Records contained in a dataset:

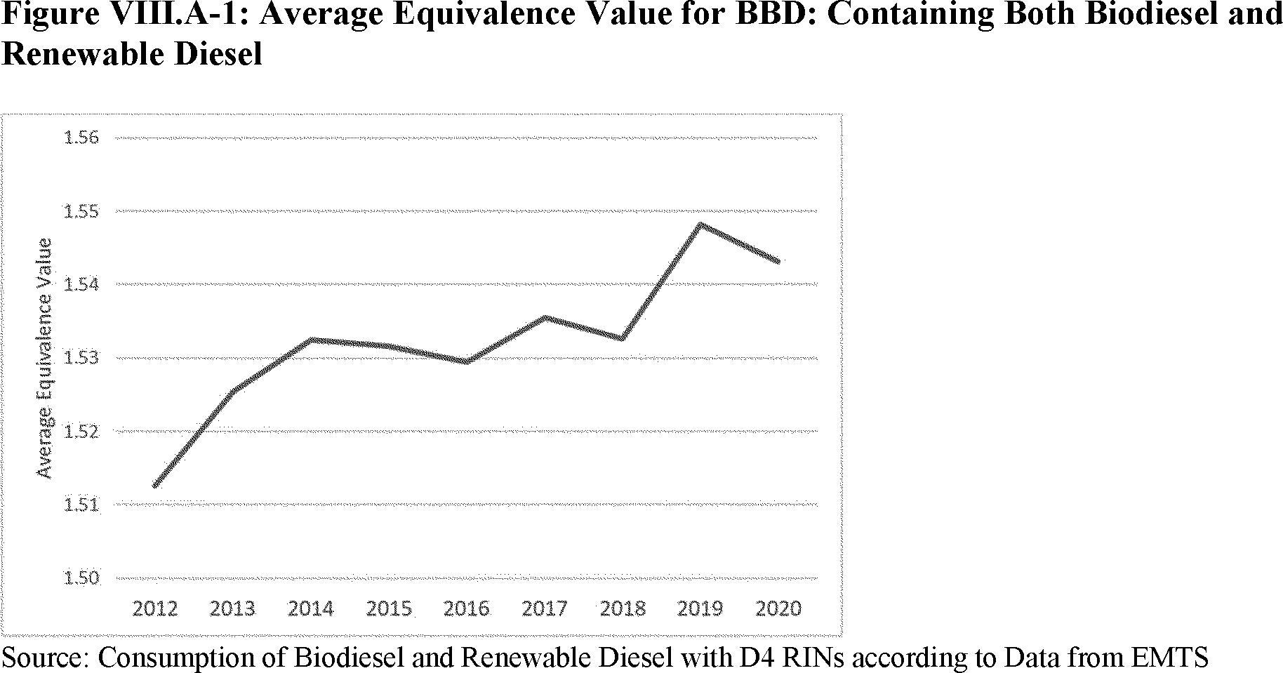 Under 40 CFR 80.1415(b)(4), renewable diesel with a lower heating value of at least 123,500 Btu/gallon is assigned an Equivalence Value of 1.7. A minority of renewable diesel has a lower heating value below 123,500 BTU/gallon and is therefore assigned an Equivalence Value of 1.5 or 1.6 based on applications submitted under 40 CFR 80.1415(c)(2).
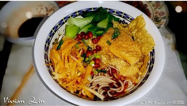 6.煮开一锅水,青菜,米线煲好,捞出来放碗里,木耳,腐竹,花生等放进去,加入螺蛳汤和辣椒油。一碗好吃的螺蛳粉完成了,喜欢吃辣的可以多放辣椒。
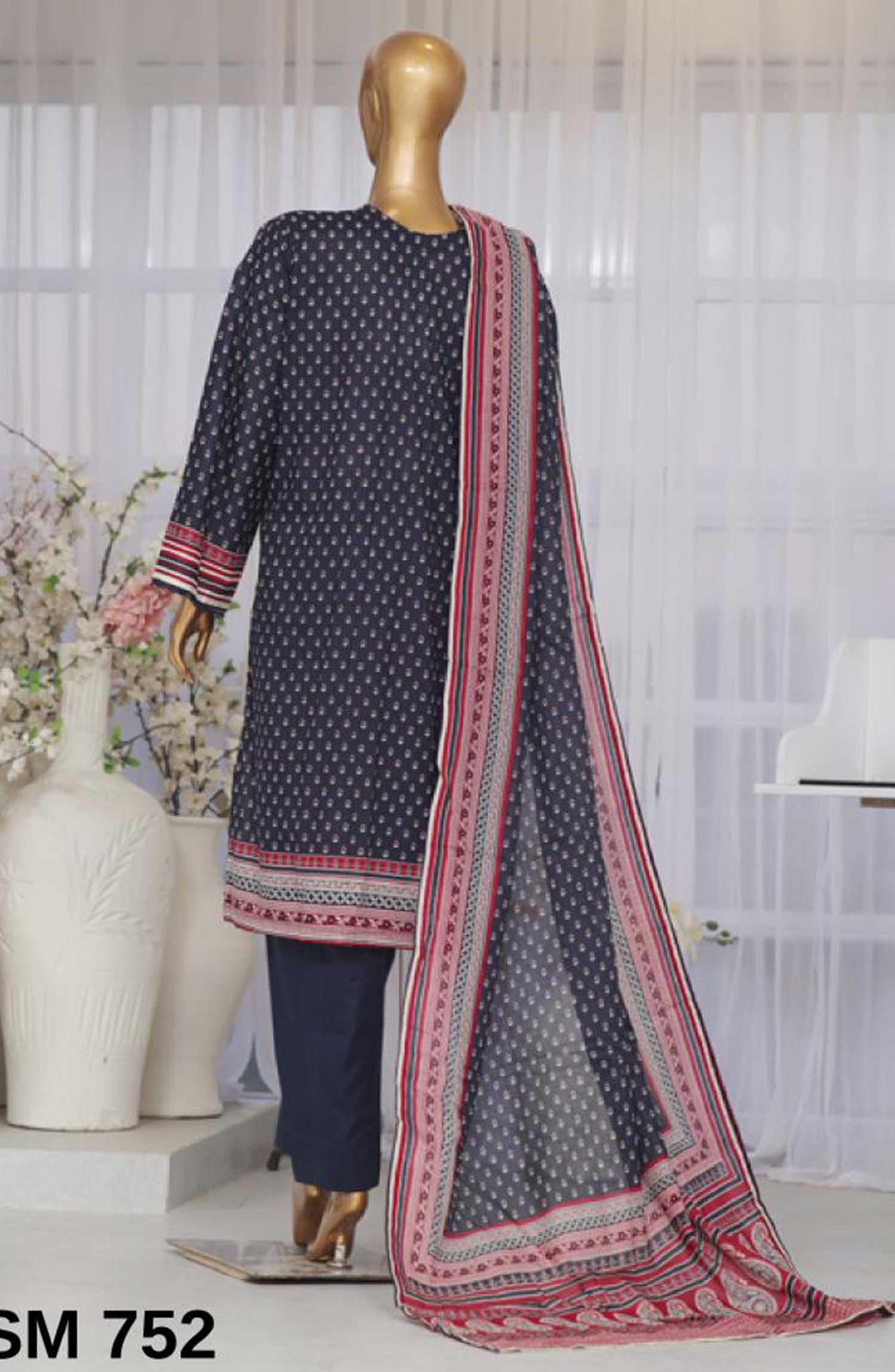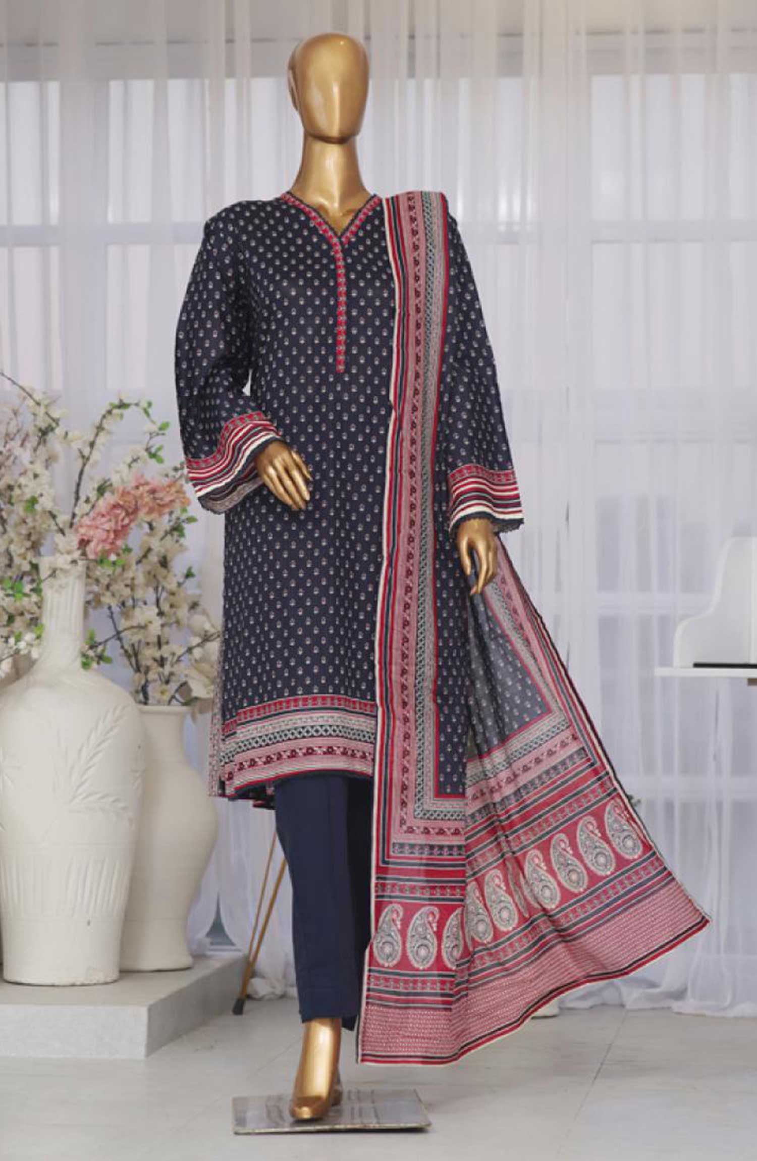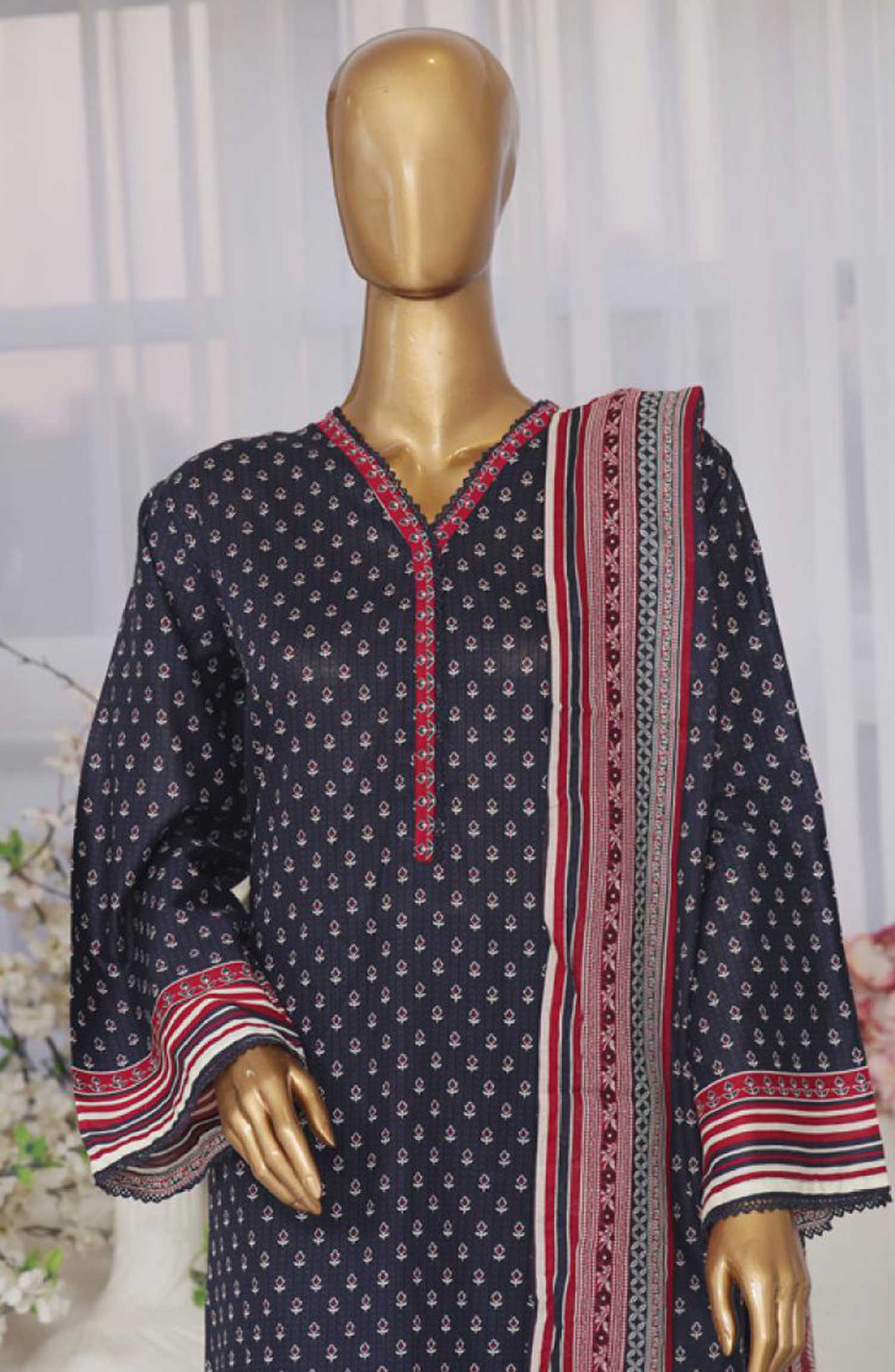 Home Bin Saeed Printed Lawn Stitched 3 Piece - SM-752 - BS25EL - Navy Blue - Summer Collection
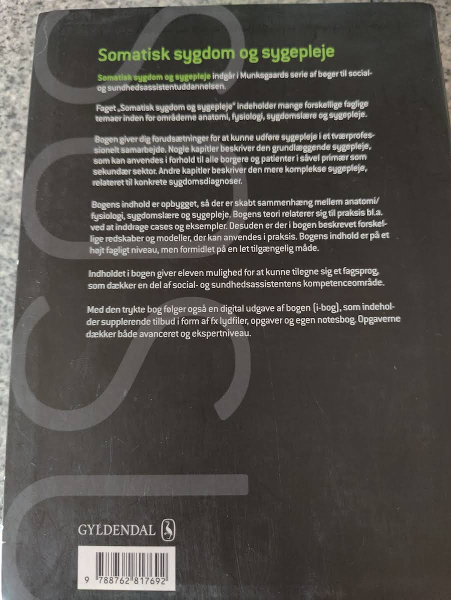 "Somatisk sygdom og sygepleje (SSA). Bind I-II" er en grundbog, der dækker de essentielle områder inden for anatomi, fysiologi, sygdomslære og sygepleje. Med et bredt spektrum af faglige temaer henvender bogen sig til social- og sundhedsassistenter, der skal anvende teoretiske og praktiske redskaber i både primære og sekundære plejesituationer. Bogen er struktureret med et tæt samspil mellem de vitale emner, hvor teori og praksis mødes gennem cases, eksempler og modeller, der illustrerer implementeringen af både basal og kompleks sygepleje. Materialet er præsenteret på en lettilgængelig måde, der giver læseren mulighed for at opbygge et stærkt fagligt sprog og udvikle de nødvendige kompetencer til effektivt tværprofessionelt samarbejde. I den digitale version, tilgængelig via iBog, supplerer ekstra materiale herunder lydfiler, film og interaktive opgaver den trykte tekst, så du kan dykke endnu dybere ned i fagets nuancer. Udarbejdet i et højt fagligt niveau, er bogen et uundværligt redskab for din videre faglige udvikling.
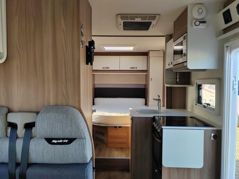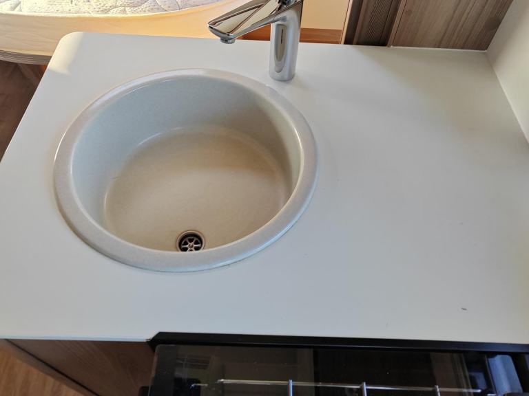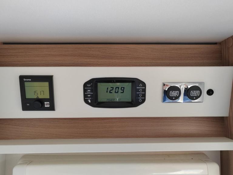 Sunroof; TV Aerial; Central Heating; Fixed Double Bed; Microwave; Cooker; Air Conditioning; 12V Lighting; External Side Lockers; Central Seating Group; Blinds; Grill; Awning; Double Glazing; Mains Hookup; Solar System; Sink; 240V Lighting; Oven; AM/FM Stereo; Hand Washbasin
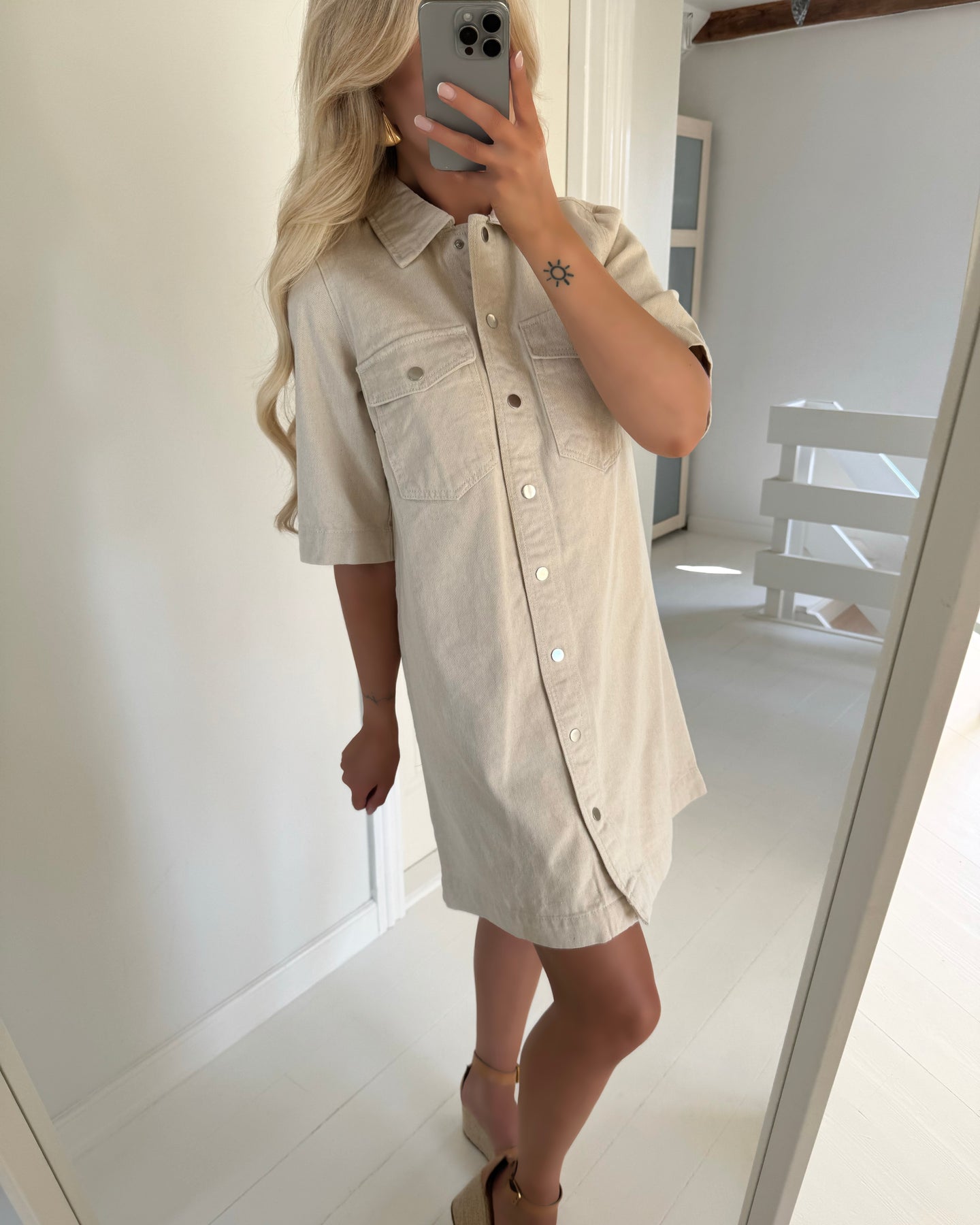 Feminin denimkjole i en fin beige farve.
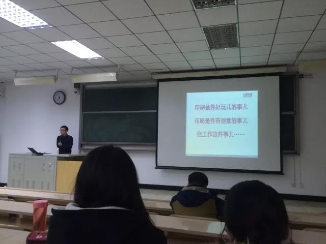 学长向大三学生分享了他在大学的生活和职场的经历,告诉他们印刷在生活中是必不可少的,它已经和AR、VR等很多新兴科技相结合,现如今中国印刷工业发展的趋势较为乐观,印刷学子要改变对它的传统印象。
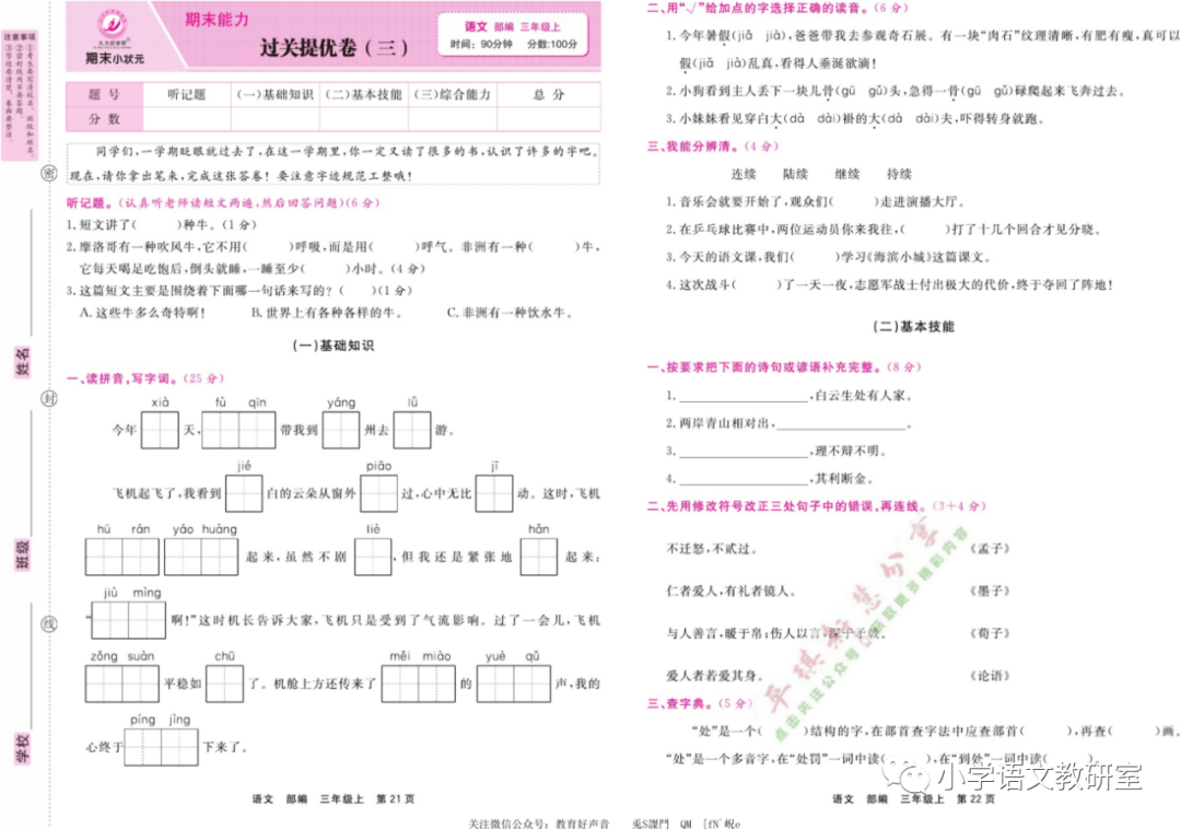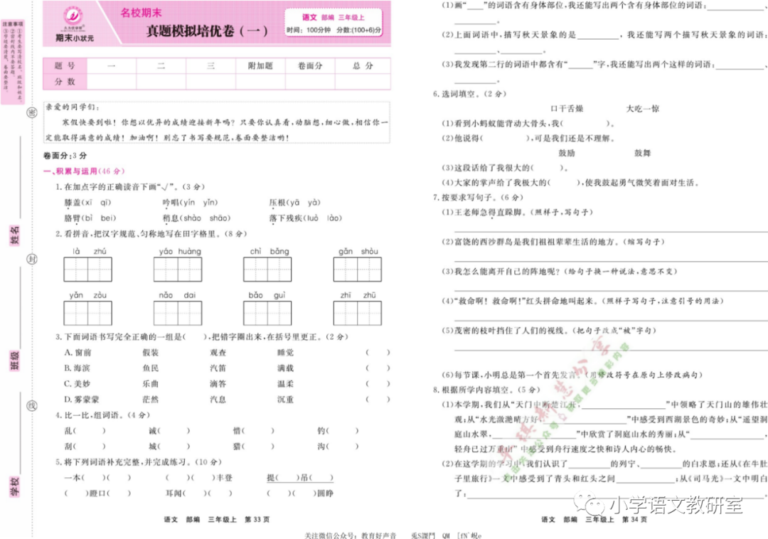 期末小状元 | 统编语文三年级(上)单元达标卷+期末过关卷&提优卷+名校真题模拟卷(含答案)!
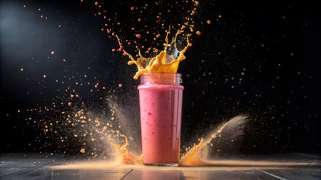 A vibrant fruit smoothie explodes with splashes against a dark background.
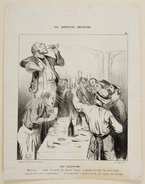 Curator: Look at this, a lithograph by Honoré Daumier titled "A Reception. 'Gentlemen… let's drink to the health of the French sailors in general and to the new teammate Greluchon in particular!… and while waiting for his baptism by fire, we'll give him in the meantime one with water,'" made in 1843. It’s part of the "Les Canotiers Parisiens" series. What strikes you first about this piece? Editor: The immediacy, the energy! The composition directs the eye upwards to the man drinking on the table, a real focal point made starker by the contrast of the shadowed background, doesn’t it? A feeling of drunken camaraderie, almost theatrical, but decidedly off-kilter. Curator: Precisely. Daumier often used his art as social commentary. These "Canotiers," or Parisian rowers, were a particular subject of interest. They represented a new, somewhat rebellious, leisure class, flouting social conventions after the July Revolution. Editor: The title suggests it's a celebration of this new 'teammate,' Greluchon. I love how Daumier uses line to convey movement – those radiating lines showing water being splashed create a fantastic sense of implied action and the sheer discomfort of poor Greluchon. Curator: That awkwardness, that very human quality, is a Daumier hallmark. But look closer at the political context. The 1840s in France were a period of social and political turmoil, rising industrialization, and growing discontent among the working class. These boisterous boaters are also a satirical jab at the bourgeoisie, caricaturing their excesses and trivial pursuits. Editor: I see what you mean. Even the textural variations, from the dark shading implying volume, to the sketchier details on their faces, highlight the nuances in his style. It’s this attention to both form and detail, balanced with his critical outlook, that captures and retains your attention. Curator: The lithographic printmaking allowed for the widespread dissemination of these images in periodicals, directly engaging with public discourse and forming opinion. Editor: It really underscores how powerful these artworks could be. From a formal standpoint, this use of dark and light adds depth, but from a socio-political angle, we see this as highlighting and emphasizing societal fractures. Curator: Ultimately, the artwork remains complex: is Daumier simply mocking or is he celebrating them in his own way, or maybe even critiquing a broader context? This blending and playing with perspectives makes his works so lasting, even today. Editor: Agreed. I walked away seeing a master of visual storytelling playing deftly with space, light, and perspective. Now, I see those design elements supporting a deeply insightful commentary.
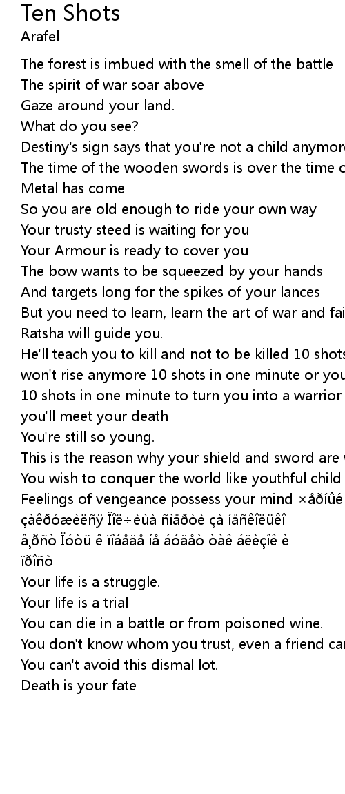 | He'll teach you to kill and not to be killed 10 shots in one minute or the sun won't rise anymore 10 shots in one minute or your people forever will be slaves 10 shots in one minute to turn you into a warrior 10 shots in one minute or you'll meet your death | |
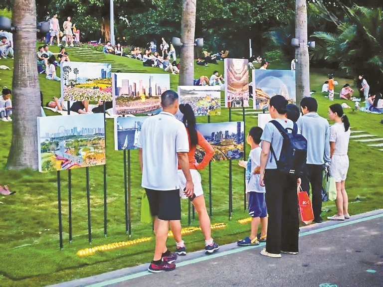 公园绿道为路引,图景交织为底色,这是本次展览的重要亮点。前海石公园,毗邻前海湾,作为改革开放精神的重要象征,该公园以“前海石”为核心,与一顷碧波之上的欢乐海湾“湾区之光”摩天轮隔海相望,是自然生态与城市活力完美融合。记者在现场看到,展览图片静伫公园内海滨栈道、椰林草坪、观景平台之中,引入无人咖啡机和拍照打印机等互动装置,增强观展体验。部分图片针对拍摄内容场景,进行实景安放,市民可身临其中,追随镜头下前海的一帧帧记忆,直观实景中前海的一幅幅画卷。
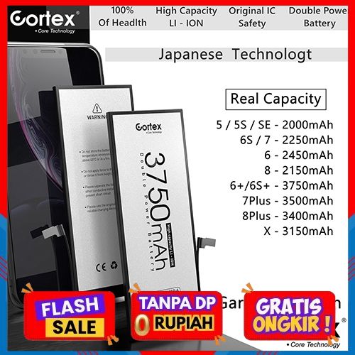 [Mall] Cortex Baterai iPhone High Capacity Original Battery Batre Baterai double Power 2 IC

▶ [Exercise details]:
Quote only what lies between the first line of the records and the line containing "videre faglige udvikling.", please, including both lines and excluding images.

▶ [Answer area]:
 Under 40 CFR 80.1415(b)(4), renewable diesel with a lower heating value of at least 123,500 Btu/gallon is assigned an Equivalence Value of 1.7. A minority of renewable diesel has a lower heating value below 123,500 BTU/gallon and is therefore assigned an Equivalence Value of 1.5 or 1.6 based on applications submitted under 40 CFR 80.1415(c)(2).
 6.煮开一锅水,青菜,米线煲好,捞出来放碗里,木耳,腐竹,花生等放进去,加入螺蛳汤和辣椒油。一碗好吃的螺蛳粉完成了,喜欢吃辣的可以多放辣椒。
 Home Bin Saeed Printed Lawn Stitched 3 Piece - SM-752 - BS25EL - Navy Blue - Summer Collection
 "Somatisk sygdom og sygepleje (SSA). Bind I-II" er en grundbog, der dækker de essentielle områder inden for anatomi, fysiologi, sygdomslære og sygepleje. Med et bredt spektrum af faglige temaer henvender bogen sig til social- og sundhedsassistenter, der skal anvende teoretiske og praktiske redskaber i både primære og sekundære plejesituationer. Bogen er struktureret med et tæt samspil mellem de vitale emner, hvor teori og praksis mødes gennem cases, eksempler og modeller, der illustrerer implementeringen af både basal og kompleks sygepleje. Materialet er præsenteret på en lettilgængelig måde, der giver læseren mulighed for at opbygge et stærkt fagligt sprog og udvikle de nødvendige kompetencer til effektivt tværprofessionelt samarbejde. I den digitale version, tilgængelig via iBog, supplerer ekstra materiale herunder lydfiler, film og interaktive opgaver den trykte tekst, så du kan dykke endnu dybere ned i fagets nuancer. Udarbejdet i et højt fagligt niveau, er bogen et uundværligt redskab for din videre faglige udvikling.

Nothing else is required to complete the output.